HCS Superintendent concerned about Accountability Act

Bill Cleveland predicts his office will receive hundreds of phone calls from people in Birmingham wanting to know how to enroll in Homewood schools.

HCS received nine such calls in the week before the Alabama Accountability Act was signed into law by Alabama Governor Robert Bentley in March.

The school choice section of the bill, located on page 18, section 5, states that a parent of a student in a failing school may enroll the student and transport the student to a nonfailing school that has available space and that is willing to accept the student.*

“We believe this law has very vague language, and we encourage our leaders to add clarification to keep systems out of litigation,” Cleveland said in a statement.
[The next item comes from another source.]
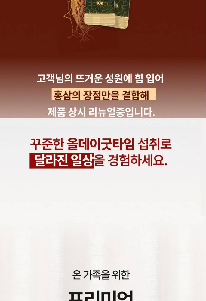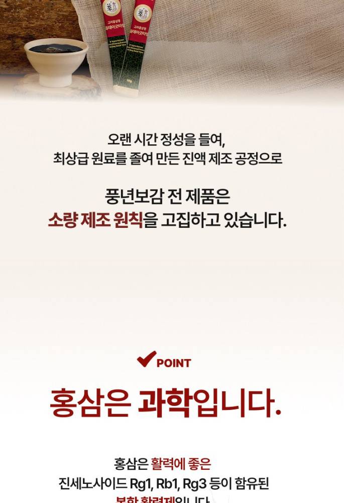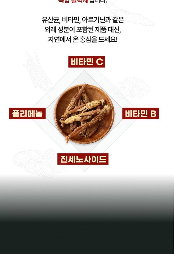 6 настай Солонгосын улаан хүн орхоодойг агуулсан бүтээгдэхүүн юм. Гинсенозид (Ginsenoside)-оор баялаг бөгөөд дархлааг дэмжих, ядаргааг тайлах, цусны эргэлтийг сайжруулах зэрэг үйлчилгээтэй.

During a meeting at Homewood Middle School two days before the bill was signed into law, Cleveland voiced concern that if it passed Homewood City Schools could be adversely affected by an influx of new students that they are not prepared for. School system attorney Donald Sweeney found the terms “space” and “willing” in the section vague and cautioned Cleveland that they could be interpreted in a way that forces Homewood to accept students who live outside the city.
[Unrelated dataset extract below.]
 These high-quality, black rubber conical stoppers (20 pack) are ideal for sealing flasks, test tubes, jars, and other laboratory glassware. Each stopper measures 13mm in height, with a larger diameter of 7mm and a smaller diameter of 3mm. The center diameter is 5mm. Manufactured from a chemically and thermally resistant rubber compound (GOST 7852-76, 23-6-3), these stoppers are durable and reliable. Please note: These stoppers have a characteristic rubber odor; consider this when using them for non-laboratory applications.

“We function by a strategic plan developed by the community,” Cleveland said to crowd of around 100 at the meeting. “If we can’t plan how many students we will receive, we might not meet our academic goals. We might hire too many or too little teachers.”

Before the bill was signed, HCS contacted Sen. Jabo Waggoner, Rep. Paul DeMarco and Gov. Robert Bentley’s Chief of Staff David Perry to express concerns with the ambiguity of language in this section of the bill.
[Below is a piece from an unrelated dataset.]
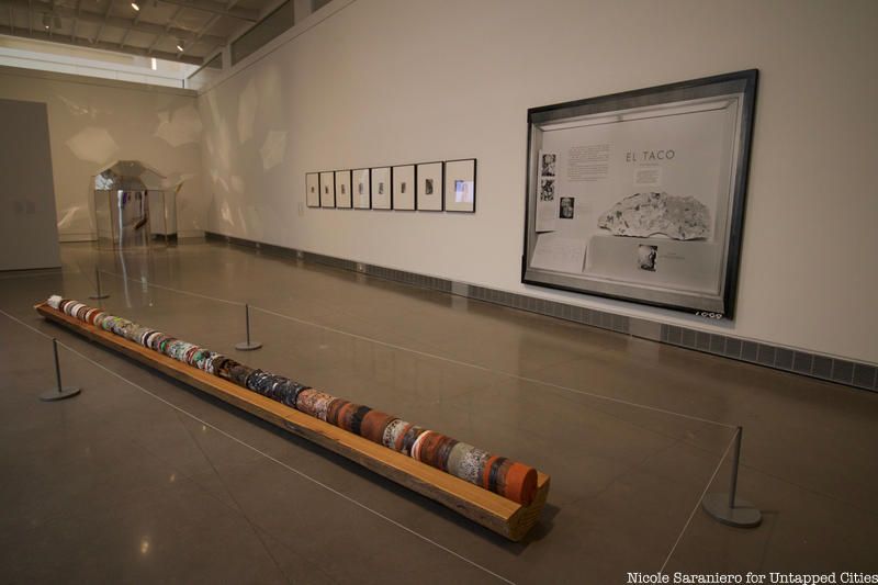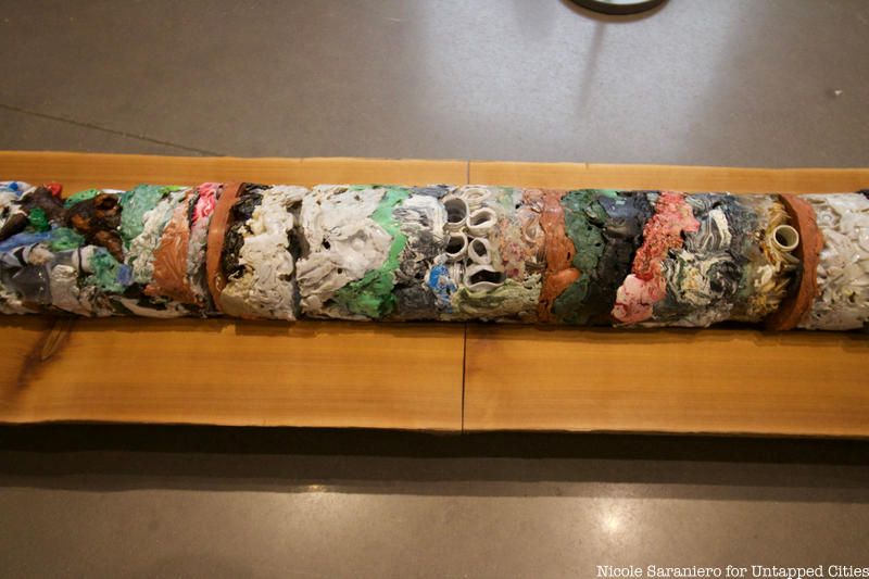 Inside the main gallery space where you will find pieces from the Time Travel category, one piece that sticks out is Clarissa Tossin’s Future Fossil. Tossin was Inspired by the science fiction writing of Octavia Butler. The artist imagined what types of layers would make up a fossil found after an ecological collapse on Earth. She used her own plastic waste for a large portion of the fossil.

“The only one that gets this is Paul DeMarco,” Cleveland said at the meeting. “We

need this language strengthened.”

DeMarco said he added clarifying language to version 7 of the legislation that is not present in the version, number 8, that passed, which reads: “Nothing in this act shall be construed to force any school, whether public or nonpublic, to enroll any student.”

“We are aware that Rep. Paul DeMarco will introduce legislation that will include

language that was in the original bill and was left out of the final version,” Cleveland said in a statement.

Cleveland encouraged residents to reach out to state leaders to ask them to support version 7 of House Bill 84 and Senate Bill 360, the versions he believes will protect Homewood schools.

Homewood City Schools is checking on whether the bill would allow them to charge tuition to students who live outside the district, if the tuition could include sales tax, and if the system’s current regulation that students must be a resident of Homewood would affect application of the bill.

*Full wording of Alabama House Bill 84, page 18, section 5:

“The parent of a student enrolled in or assigned to a school that has been designated as a failing school, as an alternate to paragraph b. of subdivision (4), may choose to enroll the student in and transport the student to a nonfailing public school that has available space in any other local school system in the state, and that local school system is willing to accept the student on whatever terms and conditions the system establishes and report the student for purposes of the local school system’s funding pursuant to the Foundation Program.”